VADER and Power BI

1 minute read

“Search your feelings. you know it to be true”

Valence Aware Dictionary and sEntiment Reasoner (VADER) is the main alternative to TextBlob and is designed to work with social media text primarily.

Again this has been a really simple adaptation of the code used so far in all of the text analytics tools we have applied.

The outputs of VADER are a little different to TextBlob and does not include scoring for subjectivity but does break down into 4 aspects the Compound Score which is the key sentiment scale but also individual scores for pos: positive, neu: neural and neg:negative that are ratios of the proportion of the text analysed so you can drill into a bit more context.

TextBlob in Power BI

    import pandas as pd
    from vaderSentiment.vaderSentiment import SentimentIntensityAnalyzer
    analyser = SentimentIntensityAnalyzer()
    data = []
    for idx, row in dataset.iterrows():
        if not isinstance(row['text'], str):
            continue
        score = analyser.polarity_scores(row['text'])
        row_data = (row["id"],score["compound"],score["neg"],score["neu"],score["pos"])
        data.append(row_data)
    new_df = pd.DataFrame(data, columns=['id','compound','negative','neutral','positive'])

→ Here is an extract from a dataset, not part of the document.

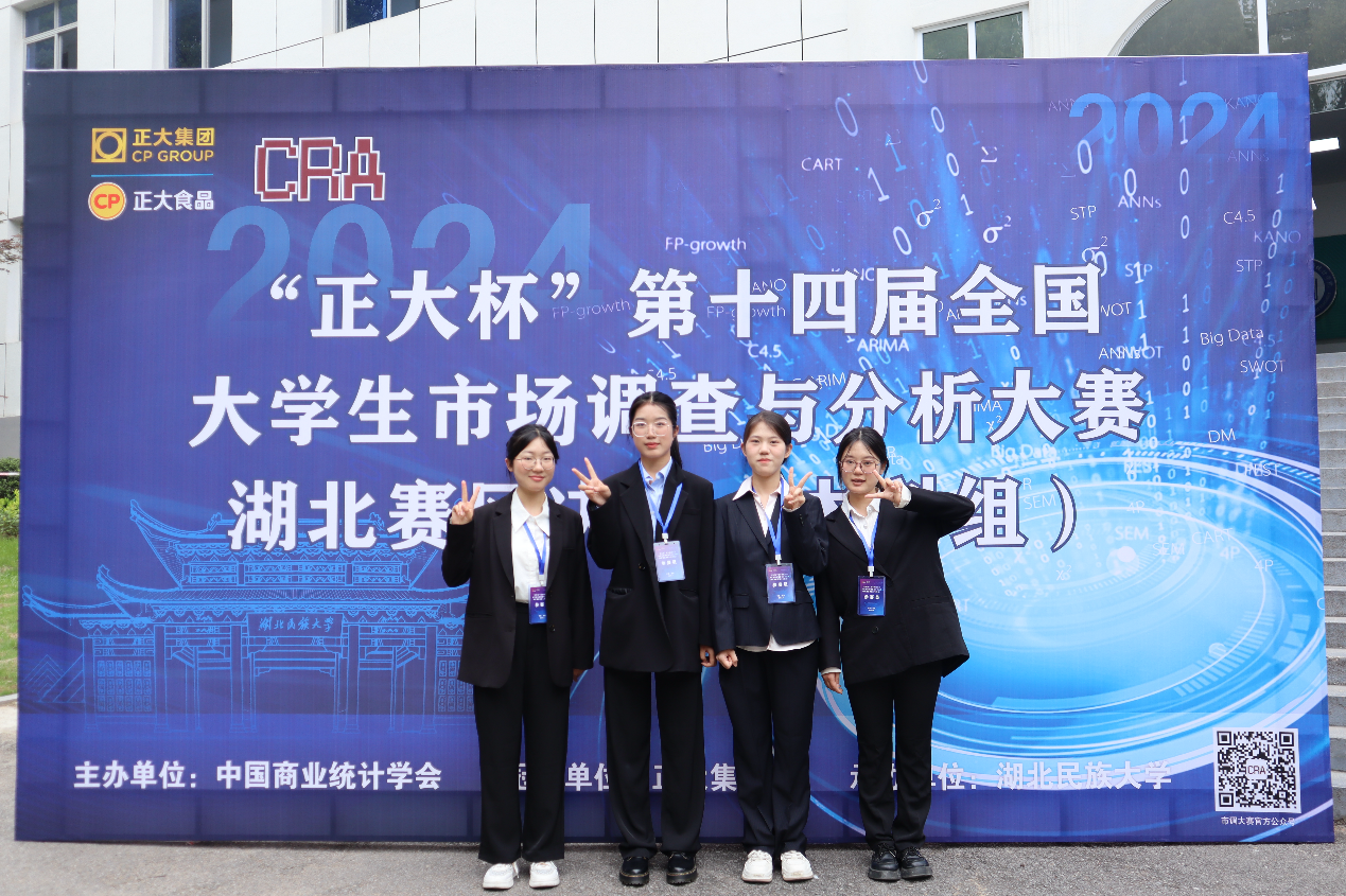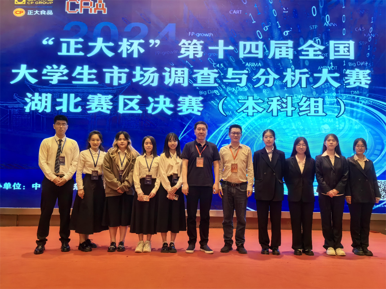 (通讯员:邹尔舒 王子涵)2024年4月26日-27日,第十四届全国大学生市场调查与分析大赛湖北省选拔赛(本科生组)在恩施州湖北民族大学举行。省组委会主任徐映梅教授在开幕式致辞,大赛金牌指导教师李占风教授、蒋锋教授担任评委,院团委书记舒鑫才老师带队参加比赛。

Comparison with TextBlob So the sample data I have been using in my template is thousands of tweets so it is no surprise that for that data VADER seems to have an advantage over TextBlob: image-center On other data I have tested on TextBlob has the advantage when comparing against a satisfaction score within the data but this is also very different to social media forms of data.

The other key consideration is that this is the out of the box use of both tools with stop words and further customisation it is likely that a great deal more accuracy can be gained for both tools.